Chris Twogood is one industry veteran who has his eyes on where the industry is headed.
Posted Oct 21, 2004
A sure sign of a maturing technology is when people begin drafting its next generation. Chris Twogood is one industry veteran who has his eyes on where the industry is headed.
Twogood, director of analytical applications and business intelligence at Teradata, mapped out his view of the next incarnation of CRM during his presentation at Teradata's user conference. Rather than managing all customer relationships, he says, companies should be optimizing each one--hence his introduction of yet another concept for the industry to absorb: Customer Relationship Optimization (CRO).
In fact, Twogood says, even the "C" and "R" parts of the acronym remain misleading. "Customers don't want 'relationships,'" he says. "They just want to be treated as humans." Nevertheless, he places CRO a step above CRM on the industry's evolutionary chain.
Twogood frames the progression toward CRO in terms of how companies reach out to their respective audiences. His chain of development proceeds from undifferentiated communication (mass marketing) to the increasingly differentiated marketing: segmentation followed by target marketing followed by event-based marketing, and, finally, to an interactive dialogue with individual customers.
The idea of one-to-one marketing is hardly new, but Twogood says the emphasis typically has been placed on perfecting the company's activities, rather than the customer's experience. Where CRM has traditionally focused on customer acquisition and the initial sale, CRO raises the bar, to focus on maximizing the value of each existing customer. True economic value, Twogood says, can only be achieved as each customer's experiences improve.

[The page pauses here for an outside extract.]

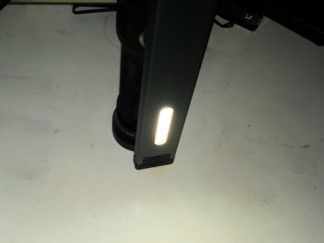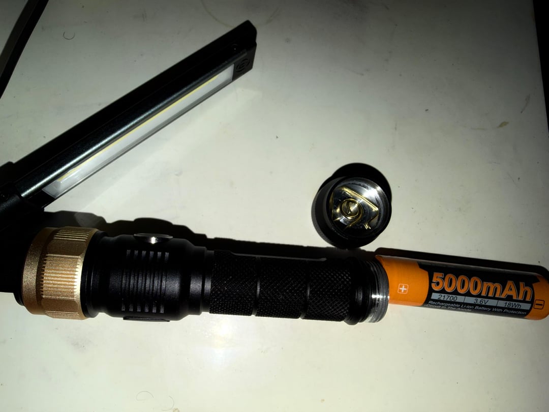What i like a out it the most is it will last over 5 hours on but than you can also use the warm white with a 21700 even flat top works not a bad fine for working around as an area light per 21700 battery the brand name is called hotligh i thought this worklight was very interesting because you can just throw any 21700 charge it via usb c the side light on top of the wand is 300 lumens of warm white light
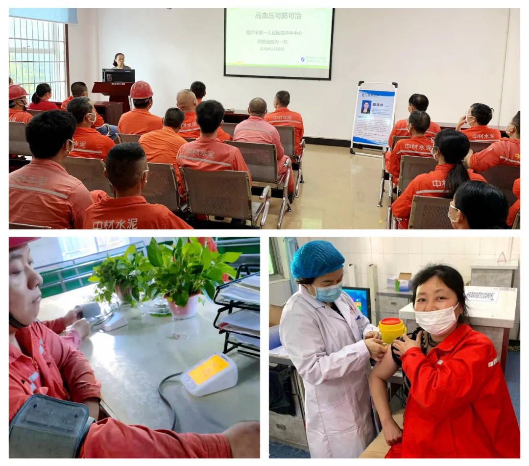 “身体是革命的本钱”,为确保广大干部职工的身体健康,中材湘潭开展了职工健康体检,组织全员完成了新冠疫苗接种,形成了有效的健康防线。同时,根据企业年龄在35岁以上的职工占比达75%的实际情况,特别邀请医生专家来企业开展健康讲座,引导员工提高健康意识,关注心脑血管方面的疾病,并为各单位配备了电子体温计、血压仪等仪器,每日进行健康检测排查,有效预防了各类疾病的突发。职工小陈是原料烧车间的一名职工,家中父母都是高血压,但自己和家人都缺乏对高血压的正确了解,所以都习以为常,平时有个头晕脑胀的也不放在心上,他说:“幸亏企业的这次健康知识普及,让我意识到高血压的危害性,现在通过吃药调理血压从180下降到了140,再也不头晕脑胀了。”

Twogood's concept of CRO is relevance linked to personalization. By moving from CRM to CRO organizations can continue to improve marketing relevance, product awareness, and sales--all traditional CRM goals. But CRO really begins to show its value by improving customer wallet share, customer satisfaction, and customer retention. At the same time, companies can reduce the cost of customer acquisition and support (especially among the lowest-value customers), minimize knowledge gaps about customer needs, and help eliminate inefficiency for customers and employees.
CRO depends entirely on customer loyalty--a company can hardly optimize a relationship with a customer who doesn't come back--and takes into account what Twogood calls the three main buying emotions sought by customers:
acknowledgement that their patronage is valued, and that their identity is recognized;
respect for their time, for their privacy, for their previous requests; and
trust that the company will endeavor to solve any problem.
That loyalty will only derive from a dynamic environment that integrates "multichannel, event-based, optimized, customer-relevant dialogue and relationships"--an environment that depends entirely on the availability of accurate and timely data across the enterprise. Twogood says, "You need a foundation that lets you do all this consistently across the organization."